Reason not to be a tiny alligator in Cuba: if found, you will be stuffed, whole, glued/sewn (it’s unclear, really) onto a purse bearing some other creature’s stretched-out skin, and sold for sixty bucks by a woman named Irene who makes hurricane jokes.
Reason to get a landline: you’ll get to press this baby to your ear and slide-dial each number individually and hear that satisfying little re-wind click every time the dial re-sets itself. Each phone call will come to feel like a little ceremony, celebrating the magic of telephone wires and long-or-any-distance contact. Which is what we’ve all been looking for all along, I suspect.
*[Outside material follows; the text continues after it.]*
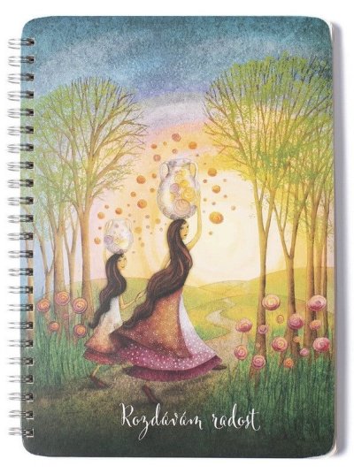 Edice Duhová kočka, formát A5, čistý (bez linek), 50 listů, kroužková TWIN WIRE vazba, speciální knižní papír (Holmen book), motiv Rozdávám radost. br brPoznámkové bloky z edice Duhová kočka vznikly spoluprací společnosti BOBO a ilustrátorky Lucie Ernestové. Praktický kroužkový zápisník formátu A5 s motivem Život mě baví. Inspiruje Vás k lapání nápadů, které poletují všude kolem. br brBOBO Kroužkový blok, A5 br• Krásná barevná obálka s ilustrací od Lucie Ernestové br• Vysoká gramáž papíru br• Krémový Holmen Book papír br• 50 nelinkovaných listů br• Zadní obálka z tvrdého kartonu pro stabilní zápis br• Svázáno kroužkovou vazbou TWIN WIRE v horní vazbě br• Formát zápisníku je A5, tedy 14 x 21 cm br brLucie Ernestová brJsem ilustrátorka, grafička a máma dvou kluků. Vymýšlím a vydávám hry šité na míru dětskému humoru a fantazii a také poznámkové bloky v kroužkové vazbě. Kreslím inspirační obrázky na důležitá životní témata, která se objevují i na obálkách zápisníků, bloků nebo například Vymalovánek. Obrázky se stávají zrcadlem našich vlastních postojů a odrazovým můstkem pro zajímavé rozhovory. Jsou bezpochyby vhodným pomocníkem pro všechny moudré rodiče a učitele, kterým se mohou stát průvodci jejich vlastními pohledy na svět. br brHolmen Book papír brJedná se o speciální knižní papíry, který se skvěle hodí na psaní a kreslení. Díky krémovému vzhledu je příjemnější na práci než klasický bělený papír. Holmen Book papír je sice dřevitý, ale papír má hned několik certifikátů, které zaručují ekologicky šetrný papír vůči přírodě - FSC®, PEFC™ a EU Ecolabel. br brTWIN WIRE vazba brTWIN WIRE vazba je nejdokonalejší způsob použití spirály v knihařské vazbě. Umožňuje snadné otáčení listů až o 360° bez vzájemného posunutí stránek. Blok můžete nechat otevřený na zvolené stránce a samovolně se nezavře narozdíl od šitých vazeb.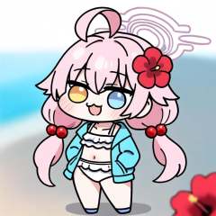 masterpiece,best quality,<lora:doro_illu-xl-v0.1-000063:1>,(chibi,:3,doro),solo,red flower,1girl,hoshino (blue archive),flower,blue jacket,hoshino (swimsuit) (blue archive),hair ornament,white bikini,frilled bikini,heterochromia,swimsuit,twintails,long hair,ahoge,yellow eyes,bikini,navel,halo,blush,looking at viewer,jacket,frills,low twintails,blue eyes,open mouth,pink hair,collarbone,hair between eyes,hair bobbles,outdoors,long sleeves,hair flower,official alternate costume,hibiscus,open clothes,blurry,

Reason to be a plaster duck: look at all the friends you’ve got. You’re positively surrounded. And all you’ve got to do all day is sit there on that lavender tablecloth and absorb admiration-rays from passersby who will, no doubt, admire you fully and completely not only for your physical attributes, but also for your usefulness. Just think of all the things that could be put inside your carved-out back. Marbles. Hair items. Coins. Nuts. Tissues. Some sort of combination. You’ve got a bright future ahead of you, plaster hollow-backed ducks. Remember that when all your friends get bought-up and you’re the only one left on that cold lavender table-cloth at the open-air market.